Is sort of like a conditioner, probably not as moisturising but it's maily just to tone your blonde.
I've used the Fudge Whiter Shade Of Pale and it worked pretty good, but Special Effects make one too and I've heard that ones better.

FUDGE WHITER SHADE OF PALE (150ml)

special effects toner mixer hair dye alternative crazy gothic hair styles wild hair styles for punk girls beautiful goth girls


----------



## SolarWhite (Mar 15, 2009)

Manic Panic also makes a violet "dye". It works very well at keeping the yellow at bay. It's also very good for your hair! (At least, I remember someone telling me that a long time ago)


----------



## sweetsweettart (Mar 16, 2009)

thanks everyone! Yes I know it takes a little more effort. The shimmer lights does work pretty good. I alternate it  with my sulfate free shampoo, or as needed. I just feel like the shimmerlights is defeating my purpose of sulfate free, since it is loaded with sulfates. I just like to keep things as simple as possible and I hate having to have 2 shampoo bottles.


----------



## sweetsweettart (Mar 16, 2009)

Quote:

   Originally Posted by *Hikaru-chan* 

 
_I wouldn't bother making your own, to much of a bother and probably wouldn't be as effective as the Shimmerlights.
Have you tried using a toning treatment?
Is sort of like a conditioner, probably not as moisturising but it's maily just to tone your blonde.
I've used the Fudge Whiter Shade Of Pale and it worked pretty good, but Special Effects make one too and I've heard that ones better.
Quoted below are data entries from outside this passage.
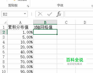 首先要做的是绘制正态分布刻度。 打开2013版excel,按自己的需要输入一系列累积分布值。在”X轴网格值“那一列的第二个单元格中插入公式"NORM.S.INV"。在弹出的窗口的"probability“处选一开始输入的系列累积分布值,选确定,空格,填充柄下拉,即得到正态刻度数值。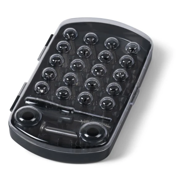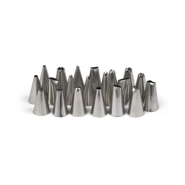 Dette sæt består af 20 forskellige tyller på 3-4 cm. Derudover kommer der en Berlinertyl i rustfrit stål, to tylkoblere og en lille rensebørste.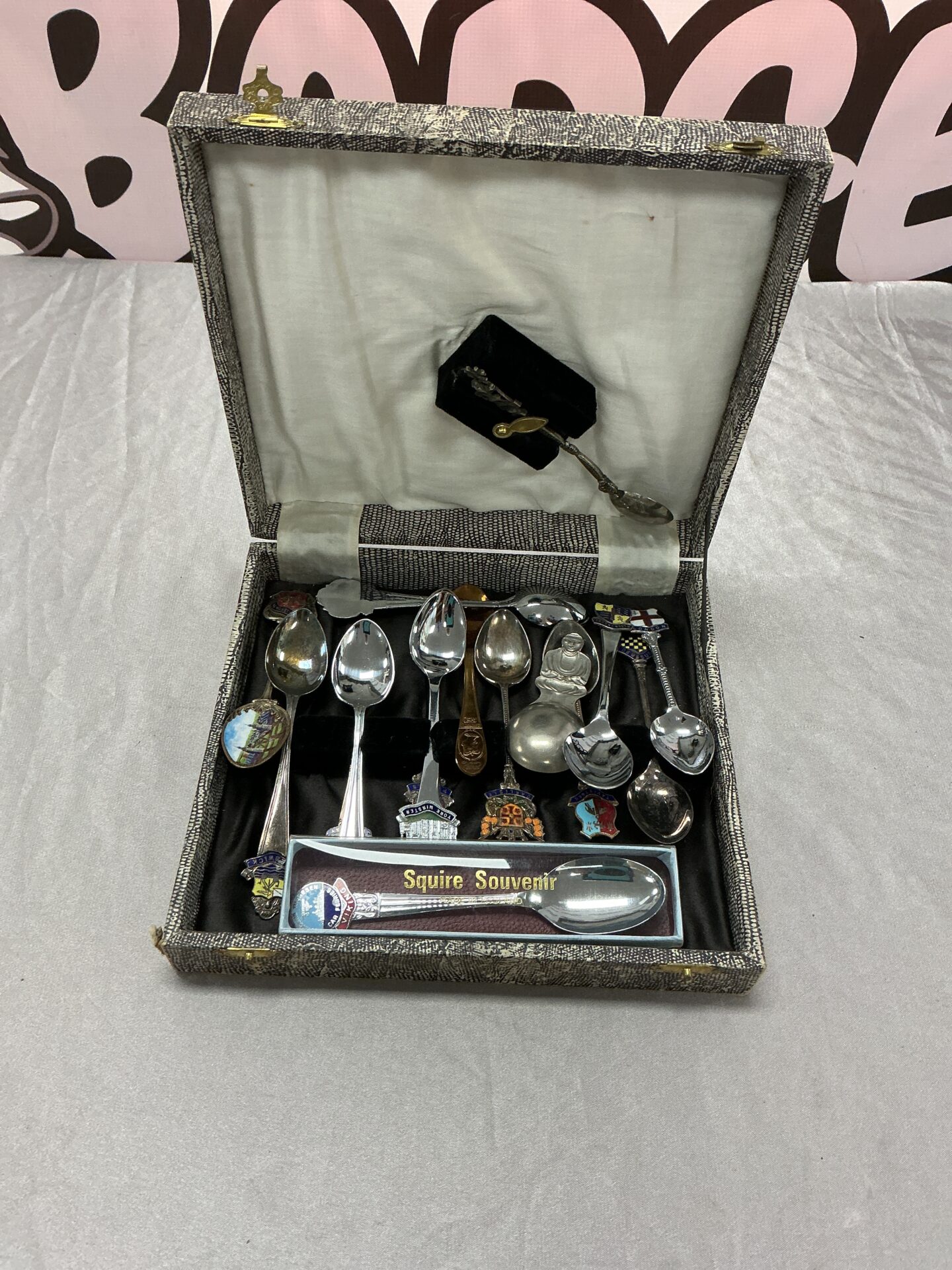 This vintage lot features a collection of silver-plated tea spoons, likely collected as souvenirs. The spoons showcase diverse designs representing landmarks and cultural symbols. Presented in its original box, this collection is ideal for collectors of vintage silverware or unique decorative items.

FUDGE WHITER SHADE OF PALE (150ml)

special effects toner mixer hair dye alternative crazy gothic hair styles wild hair styles for punk girls beautiful goth girls_

 

well that's kind of what I was thinking about using, actual, pure toners. thanks, i will check out the brands you mentioned. Maybe I could mix those into shampoo. I wouldn't mind using a separate product, if it wasn't as bad and drying as the shimmerlights. I just thought it might be gentler to mix a toner into my gentle shampoo, instead of washing with my shampoo and then washing again w/ the shimmerlights


----------



## laraVENGEANCE (Mar 17, 2009)

if youre getting one of those toners, dont get the la riche directions one. i used it on very very pale blonde hair that still had yellow tones in and it did nothing whatsoever. i have heard very good revies on the manic panic and special effects one though. special effects dyes are amazing anyway.


----------



## Mizz.Coppertone (Mar 19, 2009)

just use the shimmerlights once a week and let it sit for 5-10mins. follow up with a really good deep hair masque, let that sit for 15-20mins. it will help cancel out how drying the shimmerlights is! i do this on my dark blonde hair, its natural dark brown and it keeps the brassiness away.


----------



## aggrolounge (Mar 19, 2009)

I actually used to add that Ardell red gold corrector to my shampoo. It always worked well for me, especially since it's so friggin cheap. I mean, if you really like your current shampoo, that's what I would do..


----------



## Sashan (Mar 19, 2009)

I use Loreal Professional Expert Silver Gloss Protection System, once a week and mix it 50/50 with my shampoo to dilute it. If I use it straight, I end up with a purplish tone to the lighter pieces. I then follow with a treatment mask, as it tends to be a little drying. This keeps the yellow away and leaves my hair colour quite icy.


----------



## Jules Nicole (Feb 24, 2015)

I have a question related to this forum so I figured I'd ask and see if anyone here has any tips. I bleached my hair and it got pretty light, but there's still way too much yellow for me. I used Wella toner after I bleached and I've been using purple shampoo. 
  I'm wondering if I should re-bleach AND re-tone, or if I should just re-tone my hair to get the more ashy color I'm going for. Or if there's a toning treatment I don't know about that would help. 
  Any suggestions? Thoughts?


----------



## rida12 (Feb 28, 2015)

aggrolounge said:


> I actually used to add that Ardell red gold corrector to my shampoo. It always worked well for me, especially since it's so friggin cheap. I mean, if you really like your current shampoo, that's what I would do..


I also have tried it, but it is not helpful for me.


----------